René Margraff, :de:bug, September 2003
Jullander lösen sich auf ihrem zweiten Album noch mehr von irgendwelchen Math- und Post-Emo-HC-Anklängen à la June of 44. Chicago ist Chicago, Jullander kommen aber aus Hamburg und "Interiors" klingt locker und selbstbewusst. Jullander haben in den letzten zwei Jahren scheinbar einige Jazz- und Soulplatten gehört, bringen jede Menge Deepness und federnden Groove in ihren feingeknüpften Post-Postrock - C2003 sozusagen. Unverzerrte, perlende repetive Gitarrenläufe, runde Bassläufe, schöne Beckenteppiche, ein paar zusätzliche Instrumente und Gesang klangen schon lange nicht mehr so gut und obwohl hier nicht das Rad neu erfunden wird, spielen Jullander hier ganz lässig in einer Liga mit den anderen tollen neuen Platten (vgl. auch hIm) , die früher als Postrock denunziert worden wären, dabei aber doch viel mehr zu bieten haben, nicht nur "après danse".

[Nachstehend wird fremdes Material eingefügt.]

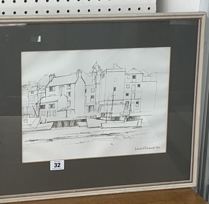 Derek Holland, Boats tied up at The Barbican, Plymouth, Pencil and ink sketch, Framed and glazed - signed Derek Holland 1973, 33cm x 25cm. Derek Holland 1927-2014, Painter, draughtsman and teacher born in Chesterfield. He became Head of the Art Dept at Plymouth College until 1973 after which he pursued a successful career in figurative, landscapes and murals.

Anja Schwartz, :alternativenation.de, September 2003
Manchmal ist man gelangweilt von der Musik, die einen umgibt. Alles hört sich gleich an, alles klingt wie schon mal da gewesen. Etwas wirklich Neues hat man schon lange nicht mehr gehört. Doch dann kommt die eine Band daher, die einen wieder begeistert. Die innovativ ist und einem den Spaß an der Musik zurückgibt. „Interiors“ ist bereits das zweite Album von Jullander, einem Quartett aus Hamburg. Schon seit 1996 machen sie zusammen Musik und richten sich dabei nicht nach Trends, sondern entwickeln ihren eigenen Stil. Sie verbinden Easy Listening Jazz mit zarten elektronischen Klängen und sind dabei meist minimalistisch, aber dennoch aufregend neu.
„Interiors“ beginnt mit einem fast ganz instrumentalen jazzigen Intro, um dann mit Martin Luther verliert die Geduld ein Sprechgesang-Stück abzuliefern, das an Teile von Blumfelds Album Ich-Maschine erinnert. Bei „Behind The Scenes“ setzt erst ganz am Schluss englischsprachiger mehrstimmiger Gesang ein. Der Höhepunkt des Albums ist „Der Herr vom Filmressort arbeitet jetzt an der Popcornmaschine“. Herzstück des Liedes ist ein Dialog, der sich mit beruflichen Veränderungen und damit einhergehender Orientierungslosigkeit beschäftigt, aber doch auf small talk-ebene verbleibt. Ein bisschen wie bei „0.30, Gleiches Ambiente“ von den Goldenen Zitronen. Oder vielleicht will das Stück auch etwas ganz anderes aussagen, die Texte von Jullander sind nicht immer eindeutig und greifbar. Eher bildlich, leicht kryptisch, und gerade deswegen so spannend. Wunderbar auch das Titelstück „Interiors“, eine Hommage an Woody Allen. Auf „Interiors“ ist wirklich jeder Song anders und will ganz alleine für sich entdeckt werden.